The UPND lost the general elections held in August this year. Edgar Lungu's ruling Patriotic Front (PF) secured a majority with 50.35 percent of the votes and UPND came second with 47.67 percent. In late August, Hichilema and the UPND filed a lawsuit contesting the election results, citing media and voter intimidation, irregularities during the counting and a collusion between the ruling party and Zambia's electoral commission. The constitutional court, however, ruled in favor of the PF and Lungu was sworn in as president on September 13.

"The biggest challenge Lungu has is that he needs to unite the Zambian people," Lee Habasonda, president of Zambia’s Transparency International chapter, told DW. "The elections divided the country in two parts, one supporting the opposition and one supporting President Lungu.
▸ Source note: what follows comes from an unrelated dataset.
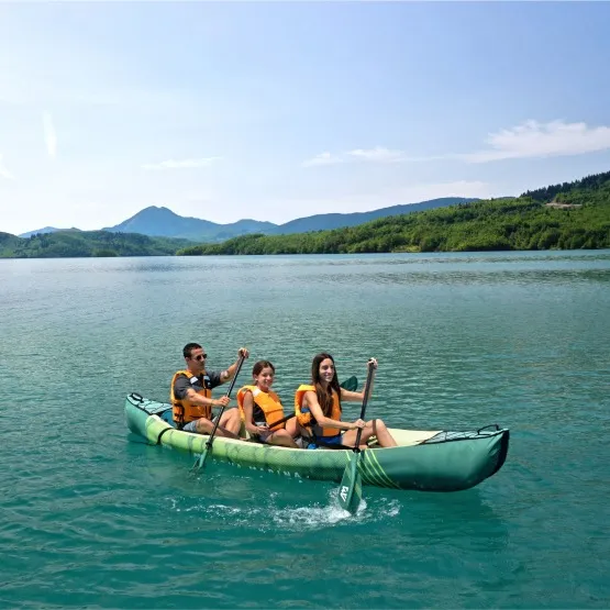 Canoe pneumatyczny, trójkomorowy Ripple 370 to świetna propozycja dla całej rodziny lub grupy znajomych. Pomieści on 3 osoby oraz całkiem spory bagaż. Jeśli planujesz dłuższą wyprawę i chcesz zabrać ze sobą sprzęt biwakowy to Ripple będzie idealnym wyborem. Jego maksymalna wyporność to aż 230 kg.

We think that he needs to reach out to the opposition, so that tension between ethnic and regional lines does not continue." The Lungu government, Habasonda added, appears to want control over all aspects of Zambian life, political, economic and in terms of security.

In the run up to the elections several media houses saw their licenses suspended and journalists taken in for questioning. In June, editors of "The Post” were arrested for allegedly not paying their taxes. According to local media, the country's broadcasting authorities have just lifted the suspension of Komboni Radio station. Deutsche Welle's partner station Muvi TV has also had its license reinstated.

Habasonda, however, noted that many critical media houses have reduced production and are no longer able to reach a wider audience. He fears that journalists and media houses will begin to censor themselves in fear of being shut down.

In addition to the political tension, Zambia also faces economic difficulties. Civil servants receved their salaries a month late and Zambians have experienced a sharp rise in prices of consumer goods since late 2015. The government is currently in talks with the International Monetary Fund (IMF) over a new aid program to make up for it budget deficit. The economic downturn is linked to the fall in the price of metals, and difficulties in providing both fuel and electricity.